Ashley Dawson is Professor of English at the Graduate Center, City University of New York. His field of specialization is postcolonial studies. Areas of interest of his include the experience and literature of migration, including movement from colonial and postcolonial nations to the former imperial center (Britain in particular) and from rural areas to mega-cities of the global South such as Lagos and Mumbai. He has also worked on contemporary discourses of US imperialism, on the rhizomatic organizing forms of the global justice movement, and on emerging global discourses of environmental governance.

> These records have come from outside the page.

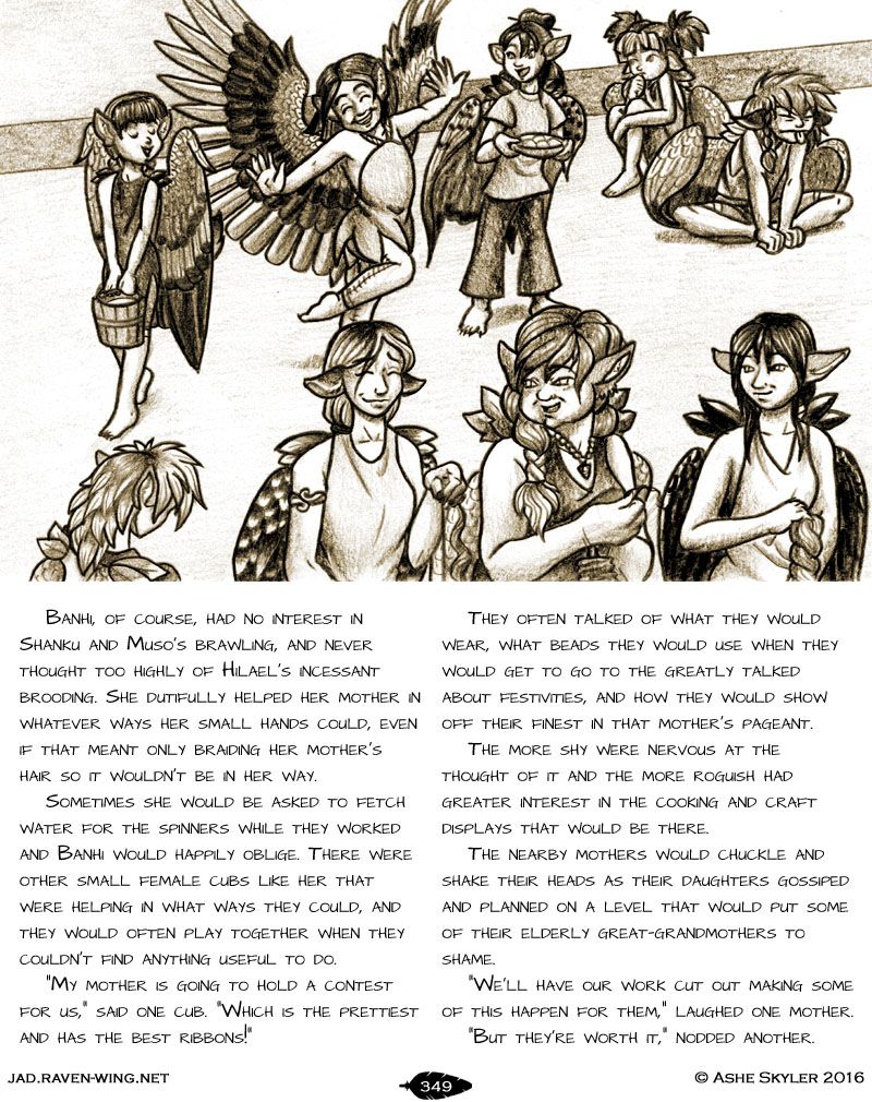 Sometimes she would be asked to fetch water for the spinners while they worked and Banhi would happily oblige. There were other small female cubs like her that were helping in what ways they could, and they would often play together when they couldn't find anything useful to do.
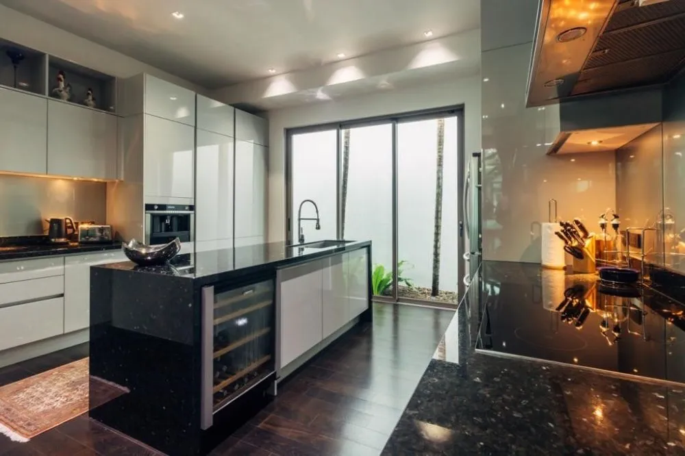 При входе на виллу вы войдете в первый из 3 павильонов, здесь вы увидите гостиную / столовую открытой планировки с видом на пышные тропические сады и большой бассейн. Кроме того, кухня гораздо лучше оборудована, чем можно было ожидать. Кухня включает в себя бытовую технику SMEG, огромный 4-дверный холодильник с морозильной камерой и двухзонный холодильный шкафчик для вина.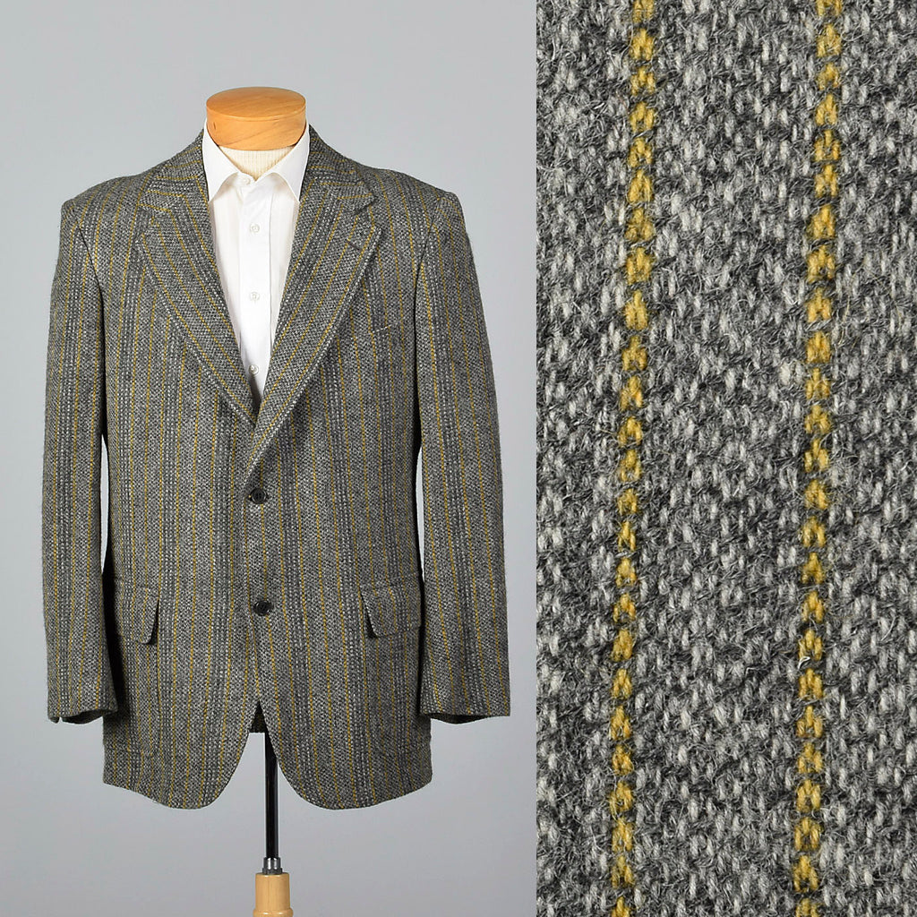 1970s Mens Brooks Brothers Bespoke Gray Tweed Jacket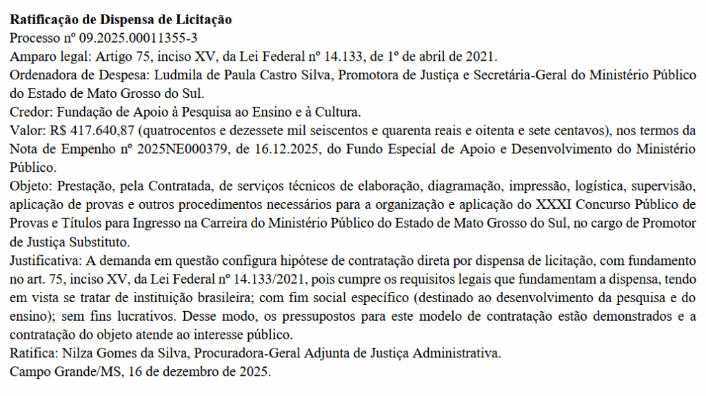 O XXXI Concurso Público para Promotor de Justiça do MP MS avançou em etapas importantes da sua organização. A Fundação de Apoio à Pesquisa, ao Ensino e à Cultura (FAPEC) foi oficialmente definida como banca organizadora, com contratação realizada por dispensa de licitação.
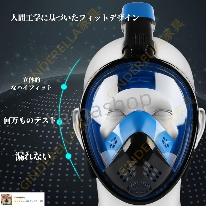 【防曇デザイン 浸水対策】:曇を有効に防ぐために、息を吸い込むチャンネルが、吐き出すチャンネルと違うので、クリアな視界を実現できます。浸水防止のコツは、顔とシュノーケルマスクの間に隙間があるかどうか、ご確認してから、ヘッドバンドを調整して、スカートを顔にしっかりに当ててください。顎に排水弁があり、もしマスクに浸水したら、頭を水面の上に出してください。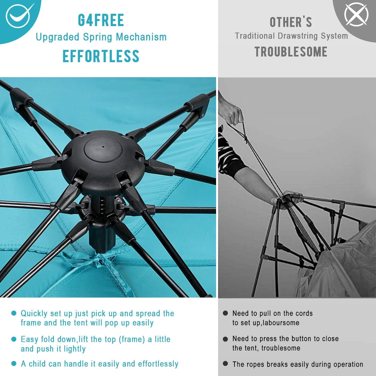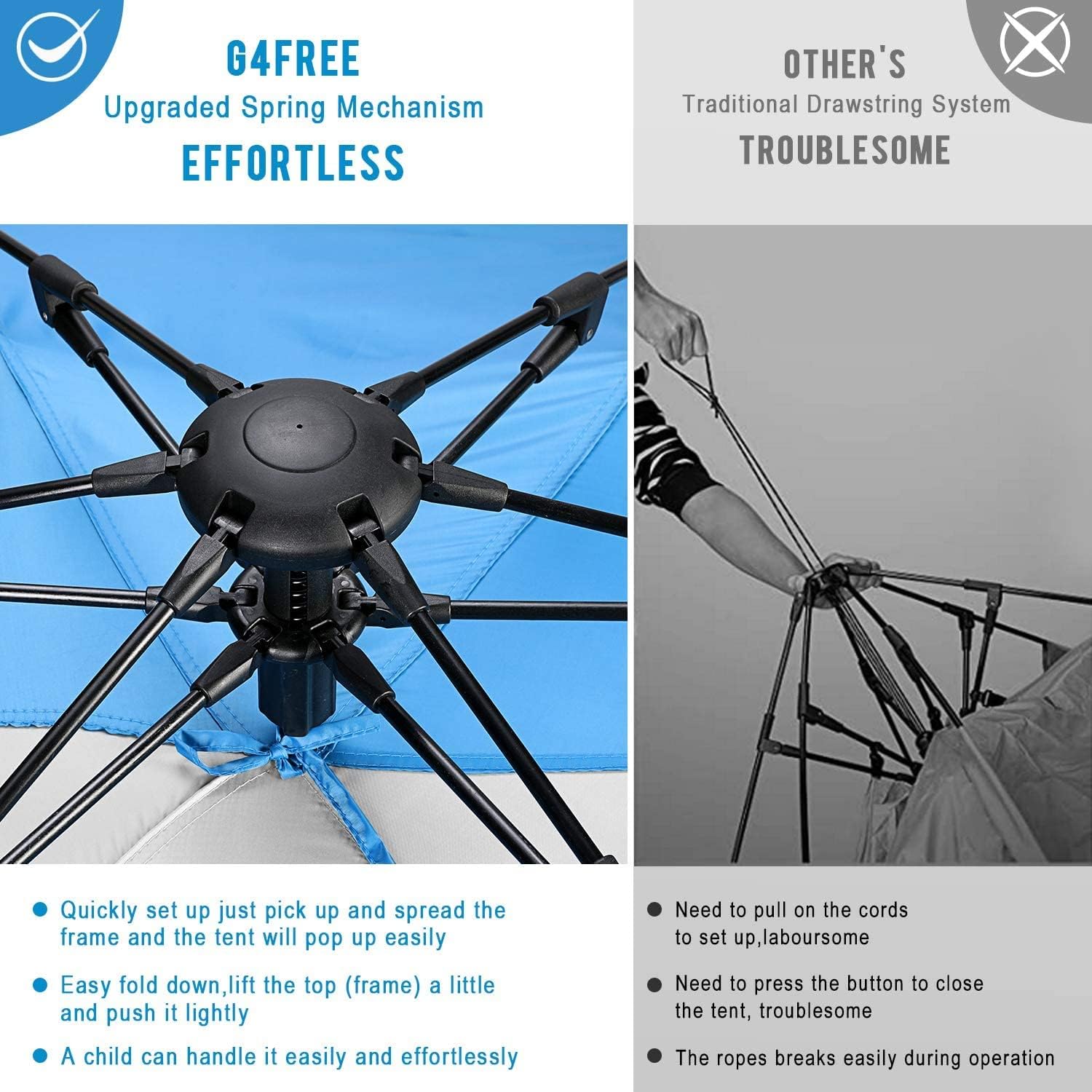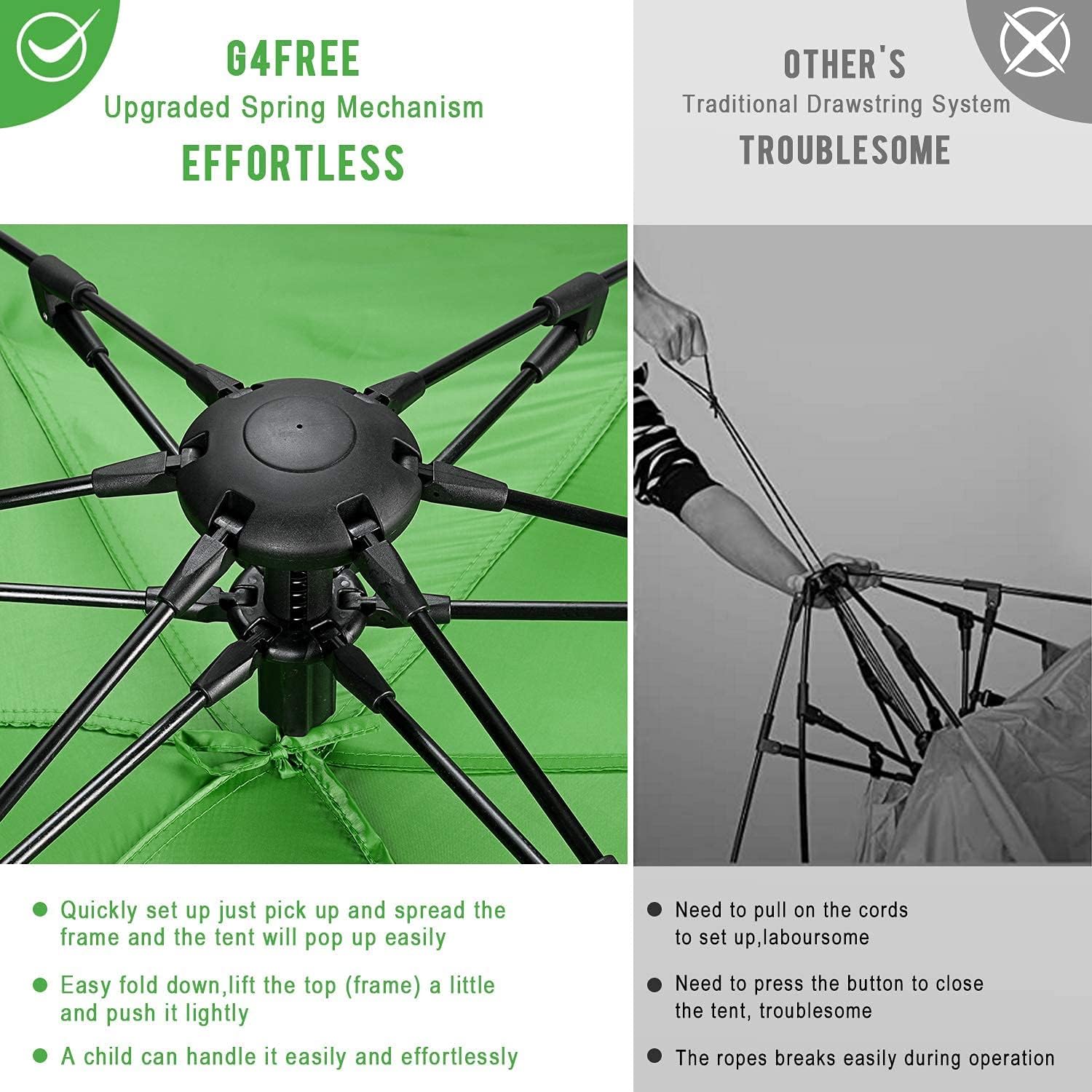 - 【Hub System Design for Easy Setup】With the new integration hub system, this beach tent can be easily set up or folded down, no need to struggle with this foldable beach sun shelter, no need to pull the string painfully. The instant pop-up beach tent is a great fit for your family's outdoor companion. Such as camping, hiking, picnic, fishing, and sporting events, and enjoy a good time with your family.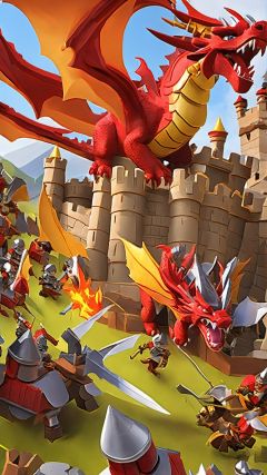 (Battle Q Style :1.5) Dragon Siege: A Q-dragon is attacking a castle, and the warriors on the castle are bravely resisting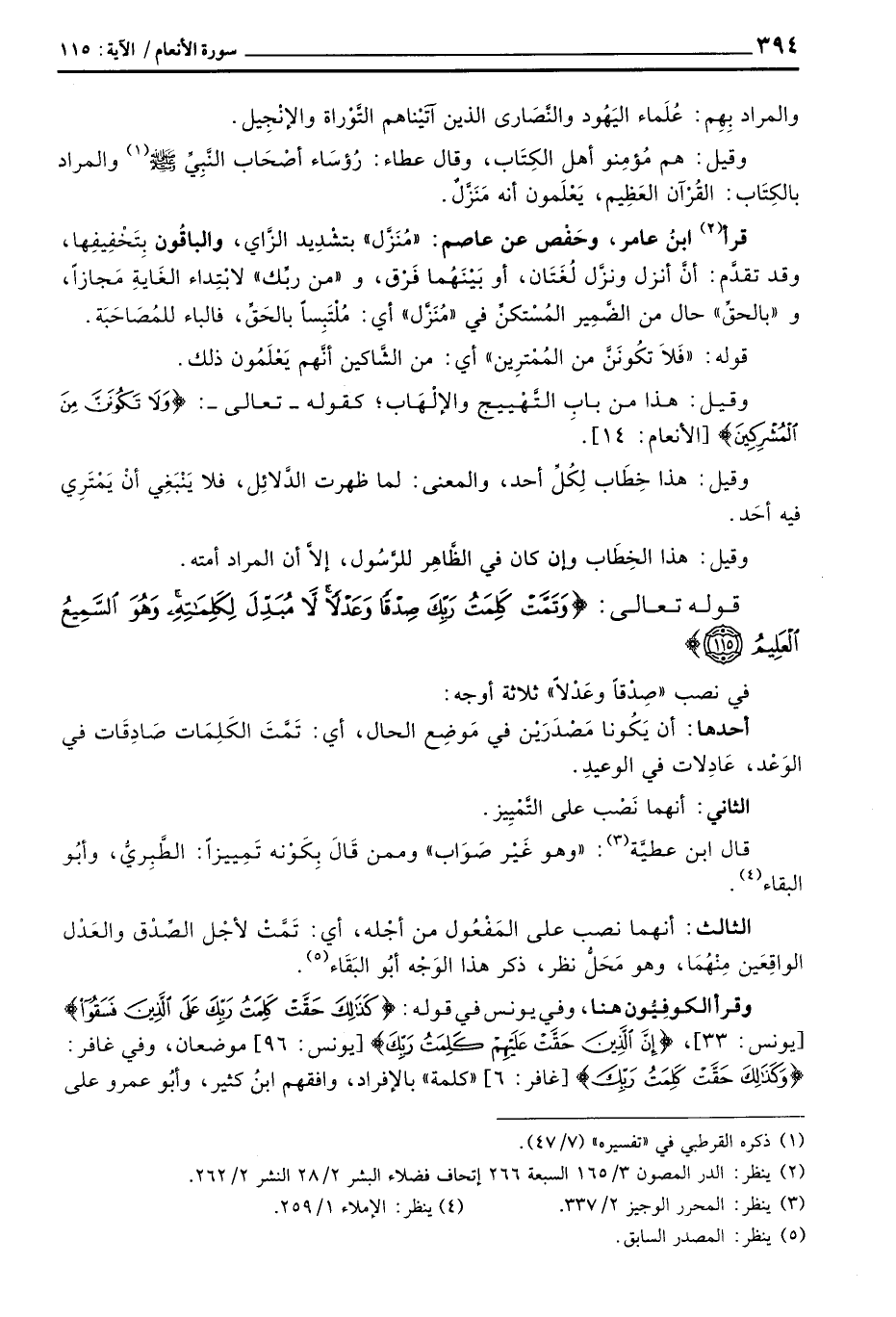 الثالث: انهما نصب على المَفْعُول من أجْله، أي: تَمَّتْ لأجْل الصِّدْق والعَدْل الواقِعَين مِنْهُما، وهو مَحَلُّ نظر، ذكر هذا الوَجْه أبُو البَقَاء.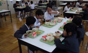 他の学年と向かい合って少しおしゃべりを楽しみながらの給食も

Dawson is the author of Extreme Cities: The Peril and Promise of Urban Life in the Age of Climate Change (Verso 2017),  Extinction: A Radical History (O/R 2016), The Routledge Concise History of Twentieth-Century British Literature (Routledge2013), and Mongrel Nation: Diasporic Culture and the Making of Postcolonial Britain (University of Michigan Press 2007), and co-editor of Against Apartheid: The Case for Boycotting Israeli Universities (Haymarket 2015), The State, Democracy, and the Struggle for Global Justice (Routledge 2009), Dangerous Professors: Academic Freedom and the National Security Campus (University of Michigan Press 2009), and Exceptional State: Contemporary US Culture and the New Imperialism (Duke University Press 2007).

He has published articles in journals such as African Studies Review, Atlantic Studies, Cultural Critique, Interventions, Jouvert, Postcolonial Studies, Postmodern Culture, Screen, Small Axe, and Social Text.